## 7th Edition 5H.3

Ryan Danis 1J
Posts: 66
Joined: Fri Sep 28, 2018 12:18 am

### 7th Edition 5H.3

This question says ‘Use the information in table 5G.2 to determine the value of K at 300 K for the reaction 2BrCl(g)+H2(g) <-> Br2(g)+2HCl(g).
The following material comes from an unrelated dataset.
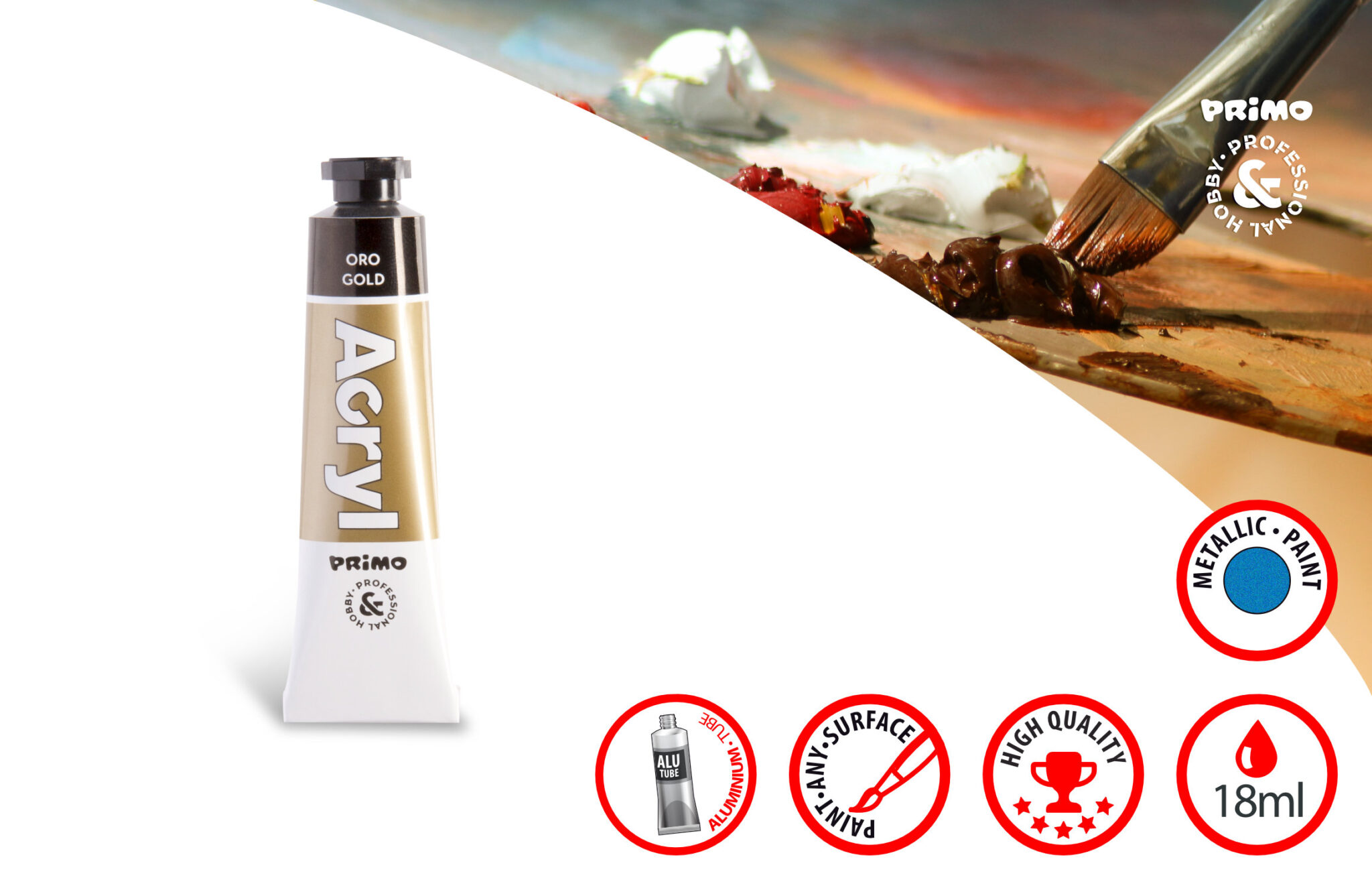 CMP Primo Acrylic Paint 18ml tube in aluminium colour 920 Gold, water-based paint, high concentration of pigmented acrylic suspension, offering high opacity, is completely permanent once dry (at least 24 hours), can be used on any type of surface, perfectly suitable for various professional painting techniques, as well as decoration and hobby activities such as decoupage, Made in Italy, code 405R920

I am confused about how to combine reactions in table 5G2 to determine the value of K. Thanks! I

Samantha Ito 2E
Posts: 64
Joined: Fri Sep 28, 2018 12:29 am

### Re: 7th Edition 5H.3

Using table 5G.2, you will notice that K=377 for 2BrCl(g) <-> Br2(g) + Cl2(g) at 300K and K=4.0*10^31 for H2(g) + Cl2(g) <-> HCl(g) at 300K. You are then able to multiple these 2 K values together in order to get the K value of the combined reaction.

Andre_Galenchik_2L
Posts: 69
Joined: Fri Sep 28, 2018 12:23 am

### Re: 7th Edition 5H.3

As you can see by the reactions Samantha pointed out, when they are added together the Cl2 cancel out, making the reaction asked about in question 5H.3. When you add reactions, the K of the new reaction is the product of the K's of the reactions that were added together.

Aili Ye 4L
Posts: 58
Joined: Fri Sep 28, 2018 12:16 am

### Re: 7th Edition 5H.3

Since that equation is the addition of two previous equations whose K eqs are given, the K eq value of the total equation is the product of the two previous Keqs.